-- Task material follows --

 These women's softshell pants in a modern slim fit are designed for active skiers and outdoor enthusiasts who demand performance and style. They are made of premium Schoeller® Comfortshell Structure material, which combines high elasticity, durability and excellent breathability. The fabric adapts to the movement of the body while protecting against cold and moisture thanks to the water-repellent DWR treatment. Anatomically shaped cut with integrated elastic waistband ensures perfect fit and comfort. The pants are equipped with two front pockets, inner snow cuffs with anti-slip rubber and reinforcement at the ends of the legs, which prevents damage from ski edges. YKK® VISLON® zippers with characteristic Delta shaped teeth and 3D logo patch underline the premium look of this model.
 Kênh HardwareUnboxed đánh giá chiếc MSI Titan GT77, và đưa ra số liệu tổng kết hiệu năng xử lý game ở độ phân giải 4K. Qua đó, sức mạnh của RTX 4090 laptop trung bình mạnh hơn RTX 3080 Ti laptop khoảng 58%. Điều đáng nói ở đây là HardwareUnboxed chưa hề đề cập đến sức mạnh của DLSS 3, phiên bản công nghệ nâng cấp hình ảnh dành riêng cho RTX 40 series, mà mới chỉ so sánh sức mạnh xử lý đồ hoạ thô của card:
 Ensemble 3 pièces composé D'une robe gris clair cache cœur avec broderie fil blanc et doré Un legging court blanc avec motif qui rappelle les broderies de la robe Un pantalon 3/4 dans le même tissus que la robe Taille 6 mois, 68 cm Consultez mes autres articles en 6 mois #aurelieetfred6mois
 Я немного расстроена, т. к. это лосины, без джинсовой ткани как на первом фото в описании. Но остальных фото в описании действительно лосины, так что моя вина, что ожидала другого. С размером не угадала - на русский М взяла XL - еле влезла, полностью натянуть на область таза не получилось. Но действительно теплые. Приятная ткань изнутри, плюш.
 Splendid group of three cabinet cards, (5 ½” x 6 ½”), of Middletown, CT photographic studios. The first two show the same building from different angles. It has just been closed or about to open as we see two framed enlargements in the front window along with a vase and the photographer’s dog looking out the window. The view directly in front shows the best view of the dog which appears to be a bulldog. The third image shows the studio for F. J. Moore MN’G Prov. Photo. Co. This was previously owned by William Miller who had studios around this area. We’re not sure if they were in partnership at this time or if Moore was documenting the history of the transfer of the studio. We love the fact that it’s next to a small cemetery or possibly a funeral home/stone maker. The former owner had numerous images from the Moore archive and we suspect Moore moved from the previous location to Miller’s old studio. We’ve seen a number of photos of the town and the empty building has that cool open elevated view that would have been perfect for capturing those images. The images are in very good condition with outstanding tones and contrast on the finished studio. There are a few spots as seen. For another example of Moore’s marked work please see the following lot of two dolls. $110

-- Task material concluded --

### Exercise
Using the exact wording, transcribe all the records above.

### Result
 These women's softshell pants in a modern slim fit are designed for active skiers and outdoor enthusiasts who demand performance and style. They are made of premium Schoeller® Comfortshell Structure material, which combines high elasticity, durability and excellent breathability. The fabric adapts to the movement of the body while protecting against cold and moisture thanks to the water-repellent DWR treatment. Anatomically shaped cut with integrated elastic waistband ensures perfect fit and comfort. The pants are equipped with two front pockets, inner snow cuffs with anti-slip rubber and reinforcement at the ends of the legs, which prevents damage from ski edges. YKK® VISLON® zippers with characteristic Delta shaped teeth and 3D logo patch underline the premium look of this model.
 Kênh HardwareUnboxed đánh giá chiếc MSI Titan GT77, và đưa ra số liệu tổng kết hiệu năng xử lý game ở độ phân giải 4K. Qua đó, sức mạnh của RTX 4090 laptop trung bình mạnh hơn RTX 3080 Ti laptop khoảng 58%. Điều đáng nói ở đây là HardwareUnboxed chưa hề đề cập đến sức mạnh của DLSS 3, phiên bản công nghệ nâng cấp hình ảnh dành riêng cho RTX 40 series, mà mới chỉ so sánh sức mạnh xử lý đồ hoạ thô của card:
 Ensemble 3 pièces composé D'une robe gris clair cache cœur avec broderie fil blanc et doré Un legging court blanc avec motif qui rappelle les broderies de la robe Un pantalon 3/4 dans le même tissus que la robe Taille 6 mois, 68 cm Consultez mes autres articles en 6 mois #aurelieetfred6mois
 Я немного расстроена, т. к. это лосины, без джинсовой ткани как на первом фото в описании. Но остальных фото в описании действительно лосины, так что моя вина, что ожидала другого. С размером не угадала - на русский М взяла XL - еле влезла, полностью натянуть на область таза не получилось. Но действительно теплые. Приятная ткань изнутри, плюш.
 Splendid group of three cabinet cards, (5 ½” x 6 ½”), of Middletown, CT photographic studios. The first two show the same building from different angles. It has just been closed or about to open as we see two framed enlargements in the front window along with a vase and the photographer’s dog looking out the window. The view directly in front shows the best view of the dog which appears to be a bulldog. The third image shows the studio for F. J. Moore MN’G Prov. Photo. Co. This was previously owned by William Miller who had studios around this area. We’re not sure if they were in partnership at this time or if Moore was documenting the history of the transfer of the studio. We love the fact that it’s next to a small cemetery or possibly a funeral home/stone maker. The former owner had numerous images from the Moore archive and we suspect Moore moved from the previous location to Miller’s old studio. We’ve seen a number of photos of the town and the empty building has that cool open elevated view that would have been perfect for capturing those images. The images are in very good condition with outstanding tones and contrast on the finished studio. There are a few spots as seen. For another example of Moore’s marked work please see the following lot of two dolls. $110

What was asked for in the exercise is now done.